==== Working data

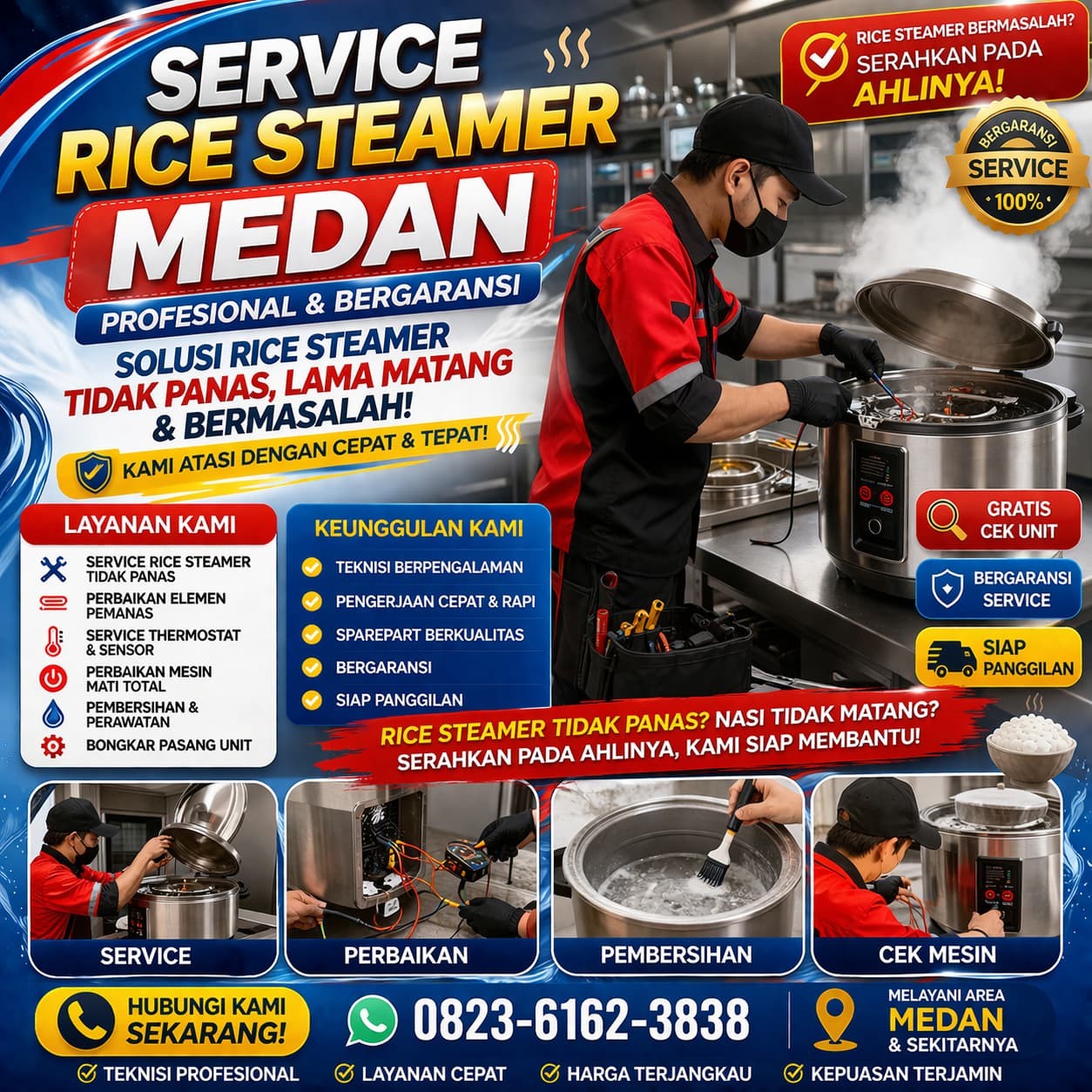 - Teknisi Berpengalaman – Lebih dari 10 tahun menangani rice steamer semua merk.
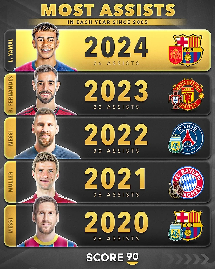 🤯 Ламин Ямаль отдал наибольшее количество голевых в 2024 году! Вспоминаем лучших ассистентов с 2005 года по наши дни
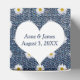 Coração branco com nomes de recém-casados em denim de jeans azul e padrão de margarida.
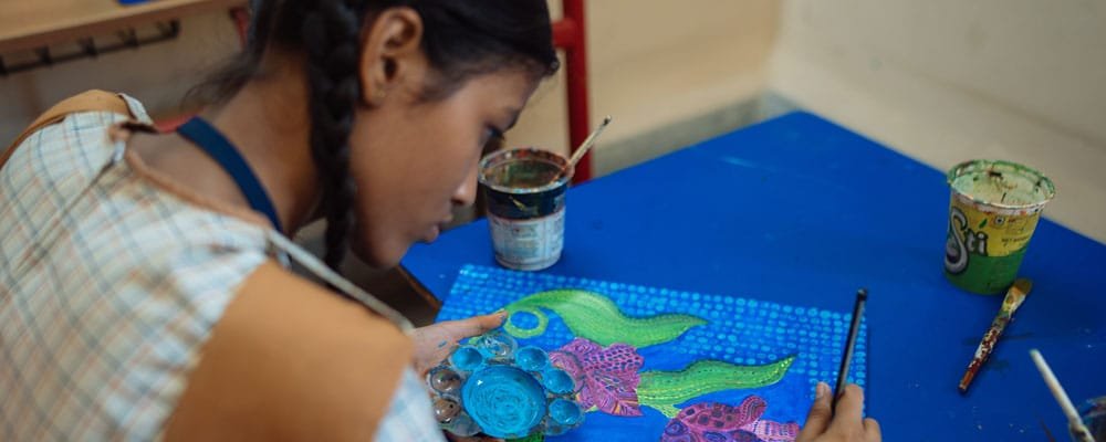 Aseema is one of the only two centres in India where the international Room 13 Art Programme is adopted to teach children art. The children who form a part of Room 13 get the opportunity to study national and international artists. They work with a variety of mediums and techniques and create beautiful artworks which are then replicated on a range of products.
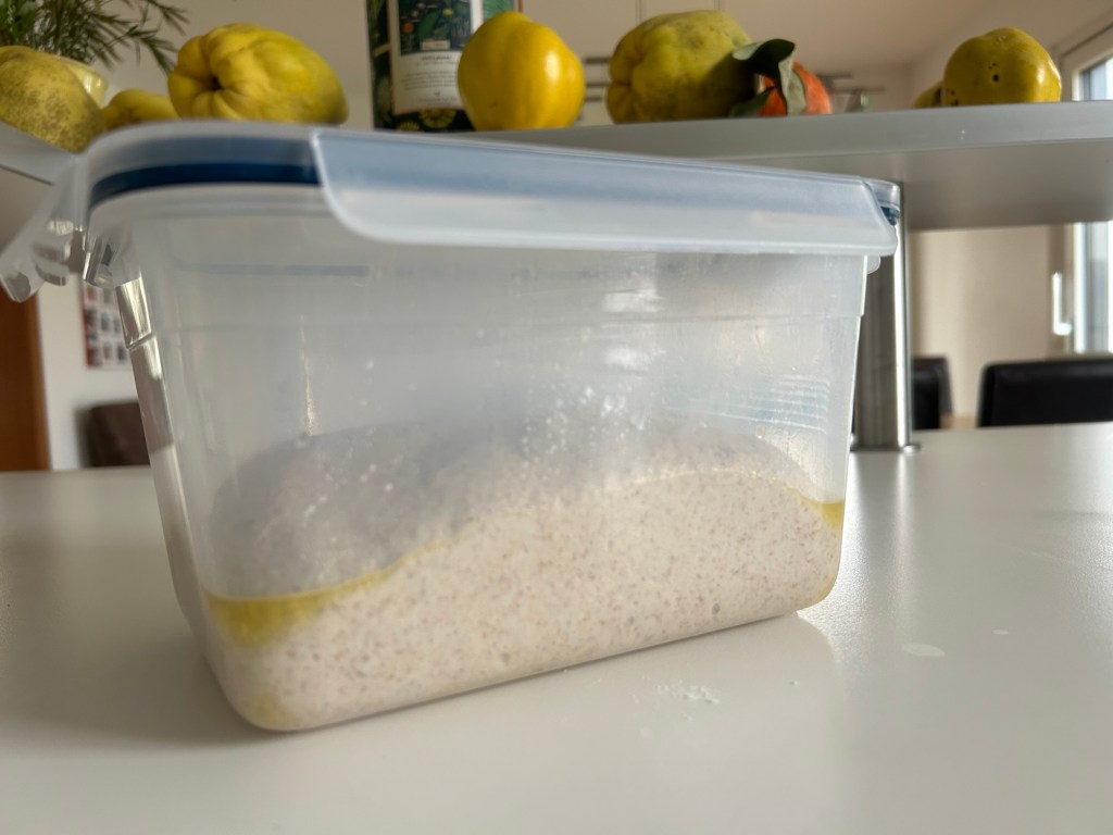 Für eine gleichmäßige Porung solltet ihr den Teig während der Stockgare mindestens 1–2 Mal dehnen und falten.

========

- Task item -
Working down from the line with "Aseema is one", copy each line exactly until the last line of the entries, which is also included. Omit the pictures.

- Task solution -
 Aseema is one of the only two centres in India where the international Room 13 Art Programme is adopted to teach children art. The children who form a part of Room 13 get the opportunity to study national and international artists. They work with a variety of mediums and techniques and create beautiful artworks which are then replicated on a range of products.
 Für eine gleichmäßige Porung solltet ihr den Teig während der Stockgare mindestens 1–2 Mal dehnen und falten.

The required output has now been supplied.